Merge pull request #787 from birdnet-team/eval-tool-documentation

max-mauermann · web-flow · commit 78b2561f1054 · 2025-09-11T17:18:32.000+02:00
included documentation for the eval-tool by René
diff --git a/docs/best-practices.rst b/docs/best-practices.rst
@@ -7,4 +7,6 @@ Best practices
    best-practices/species-lists
    best-practices/segment-review
    best-practices/training
-   best-practices/embeddings
+   best-practices/evaluation-tool
+   best-practices/embeddings
+   
diff --git a/docs/best-practices/evaluation-tool.rst b/docs/best-practices/evaluation-tool.rst
@@ -0,0 +1,193 @@
+Evaluation Tool
+===============
+
+The Evaluation Tab in BirdNET Analyzer is a tool designed to assess the performance of deep learning models on bioacoustic data.
+Whether you are dealing with binary or multi-label classification tasks, this interface calculates and visualizes essential performance metrics. 
+This guide explains each component of the Evaluation Tab and offers step-by-step instructions to ensure a smooth evaluation process.
+
+1. Overview
+-----------------
+
+The Evaluation Tab works by comparing two primary inputs:
+
+* Annotation Files: Files that provide the ground truth labels using Raven selection tables.

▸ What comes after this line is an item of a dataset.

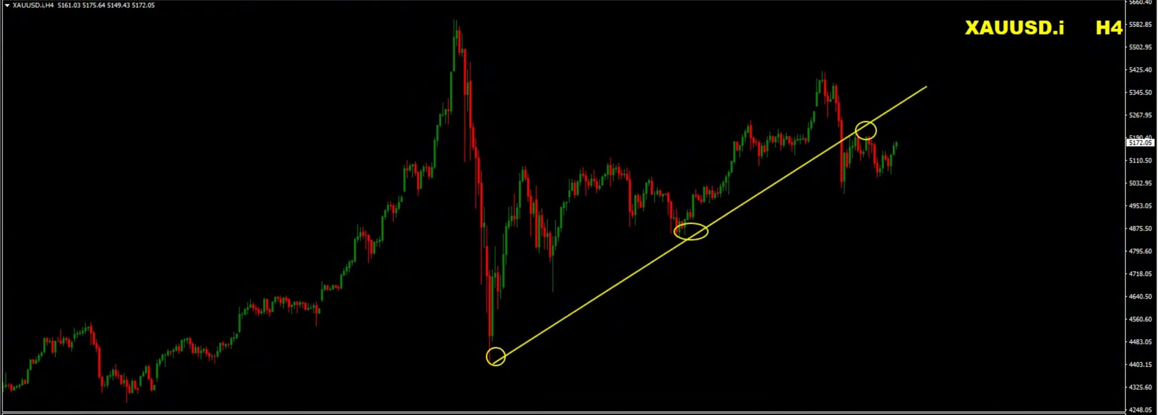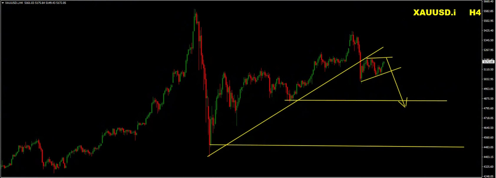 A less likely scenario would involve gold forming higher highs and higher lows, signaling short-term bullish momentum.

+* Prediction Files: Files generated by the BirdNET Analyzer that contain your model’s prediction scores and labels.
+
+By aligning predictions with annotations over uniform time intervals, the system computes a range of performance metrics such as:
+
+* F1 Score
+* Recall
+* Precision
+* Average Precision (AP)
+* AUROC (Area Under the Receiver Operating Characteristic)
+* Accuracy
+
+These metrics help you evaluate how well your model performs on bioacoustic data.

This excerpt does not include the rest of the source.